The stereo speakers are in and some of the LED lights. The speakers just barely squeaked by the window shade compartments- an oversight that we feel lucky to have gotten away with. It's hard to plan for everything that needs to be installed and make accommodations for it in the right order. The lights look really nice and sort of class up the place. The seating area needed a rail all the way around it to provide the framework for the cushions and that took a few days for Jon to make and for us to bond in and then for me to paint & varnish. That's 2 gallons of paint so far and 3 quarts or varnish. More to go. Oh and several tubes of caulk. There is a varnished ledge on my side of the seating area with some storage cabinets below that also allow access to the water tank hosing. It took a lot of time for Jon to get that all designed and built and then for us to bond it in- many pieces! We certainly know our way around a caulking gun now! Outside on the camper box, we installed the water tank fill and the shore power connection.





The panels that we bonded in over the winter to form the bathroom needed to have a door built and Jon had been dreading that somewhat because it was going to be a ton of work and something altogether new for woodworking skills. One thing about our boat is it has beautiful wood craftsmanship that you don't often see anymore. All of our door supports are rounded with many layers of laminated wood strips all smoothed out to make a real work of art. So using this example, Jon did similar on the door jam. It took several days and many layers of soaked wood (because we have no means to steam it) bent to shape and then wood glued in place but finally he turned it over to me to varnish. The door itself is white FRP and is in the line-up of things to finish. Because we want the RV interior to be really strong and well supported, we have been adding aluminum strips along the base of several walls, the bathroom being one to give them extra support from the bottom. I hate the sound of metal being cut, but I think this is a good idea too and each time Jon hands me a piece, I bond that in with adhesive. The cabin feels very tight and is certainly well insulated.

This past week we started in on doors. I will try not to go on & on about how beautiful a job Jon is doing on the woodwork, even with crap tools and a makeshift workshop setup. We are really trying to be thrifty where we can. But he is doing a stellar job. His table saw finally bit the dust and so we had to get a new one which seems to be the way a lot of our stuff is going lately- it seems like every day something else breaks. But he fixed my favorite little shop-vac! We've had that for almost as long as we've known each other I think.



The theme for the doors, of which there are a ton of them, is white FRP (fiberglass reinforced plastic) for the bed area, the bathroom and the lower closet/laundry area and then maple/walnut for the galley & sitting area. When we ordered the FRP panels for the camper box from Total Composites, they cut out the window and door openings for you based on your drawings and then send all the cutouts to you. That used to be standard practice but they aren't doing that now since we got ours. It made it a lot easier to assemble the box.

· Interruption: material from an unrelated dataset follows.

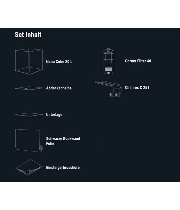 Der riesige Vorteil ist, dass Sie alles aus einer Hand erhalten: das Nano-Designaquarium Set wird inklusive Beleuchtung, Filter und Einsteigerbroschüre geliefert. Die gesamte Technik ist also bereits mit dabei und Sie müssen nicht erst mühsam die verschiedenen Zubehörteile zusammensuchen. Auch der Energieverbrauch kann sich sehen lassen: das Nano-Designaquarium hat lediglich einen Energieverbrauch von rund 0,08 Euro pro Tag. Es passt mit seiner kompakten Größe hervorragend auch in kleine Wohnungen und belebt jeden Raum. Wenn Sie sich ein wunderschönes Einsteiger-Aquarium inklusive Zubehör wünschen, dann legen Sie am besten jetzt das DENNERLE Mini-Aquarium Set Nano Cube Basic Version 2022 in Ihren Warenkorb!
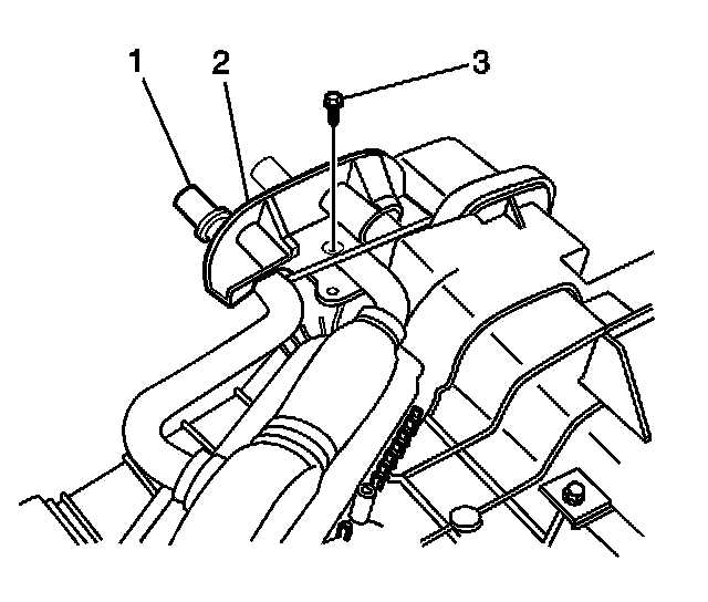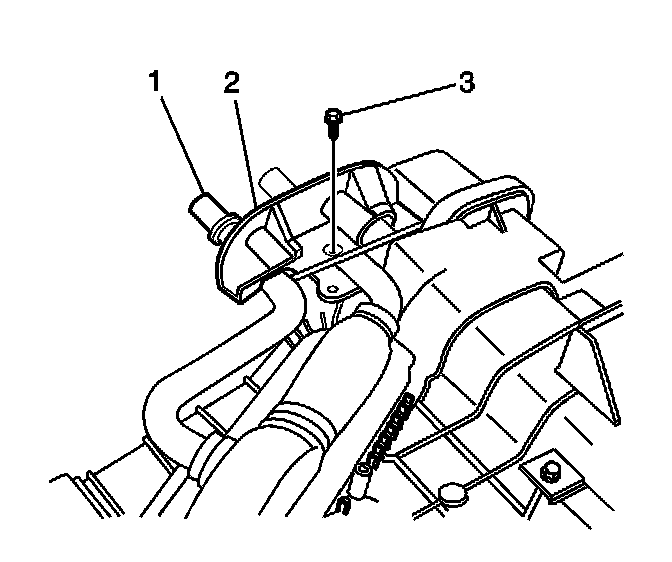 2. Remove the heater core pipes clamp screw (3).

So we can pull the shiny white plastic gelcoat layer away from the foam and use those panels for things like doors. Jon is using epoxy to bond them to good quality plywood on both sides and then make a flush door that sits into the maple framework we have bonded in for the cabinets. The edges of the plywood are visible when the door is open and make a nice look we think. There is a lot of work in each door because even once they're made, the hinges need to be cut in, mounts made for them so that everything lines up, the latch ring installed and a mount for the clasp for that and of course everything has to be painted and varnished. But they are coming along. And then in the past 2 days he's moved to the walnut doors so 11 of those are done so far and I have my work cut out for me getting 4 coats of varnish on them with a minimum amount of drips!

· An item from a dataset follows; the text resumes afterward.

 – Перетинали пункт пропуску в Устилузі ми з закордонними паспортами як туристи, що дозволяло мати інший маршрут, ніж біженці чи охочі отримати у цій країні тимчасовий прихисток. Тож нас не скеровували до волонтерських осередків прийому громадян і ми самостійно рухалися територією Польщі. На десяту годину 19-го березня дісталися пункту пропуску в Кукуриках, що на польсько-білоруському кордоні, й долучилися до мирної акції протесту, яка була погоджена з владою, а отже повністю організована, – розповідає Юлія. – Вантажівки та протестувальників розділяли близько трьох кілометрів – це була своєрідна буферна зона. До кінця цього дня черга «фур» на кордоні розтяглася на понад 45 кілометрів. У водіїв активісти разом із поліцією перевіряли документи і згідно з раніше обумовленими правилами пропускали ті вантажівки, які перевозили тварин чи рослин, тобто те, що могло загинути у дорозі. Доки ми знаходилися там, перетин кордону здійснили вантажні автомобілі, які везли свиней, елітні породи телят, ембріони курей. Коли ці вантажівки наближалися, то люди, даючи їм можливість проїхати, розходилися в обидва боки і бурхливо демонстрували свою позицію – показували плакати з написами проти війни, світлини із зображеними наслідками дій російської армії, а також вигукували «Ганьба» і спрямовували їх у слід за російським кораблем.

Thankfully we ran short on wood so had to make a trip to Raleigh a few days ago which meant we could do another bike path. Except this time everything was green and prettier. Afterward, we stopped at an upholstery shop and looked at fabric for the cushions. We chose a blue velour and think it will be nice against the wood and the blue countertop. I had wanted a different pattern but it was over 70 bucks a yard! We made a more modest choice. We like Raleigh and wish it was on the water so we could live there but be here.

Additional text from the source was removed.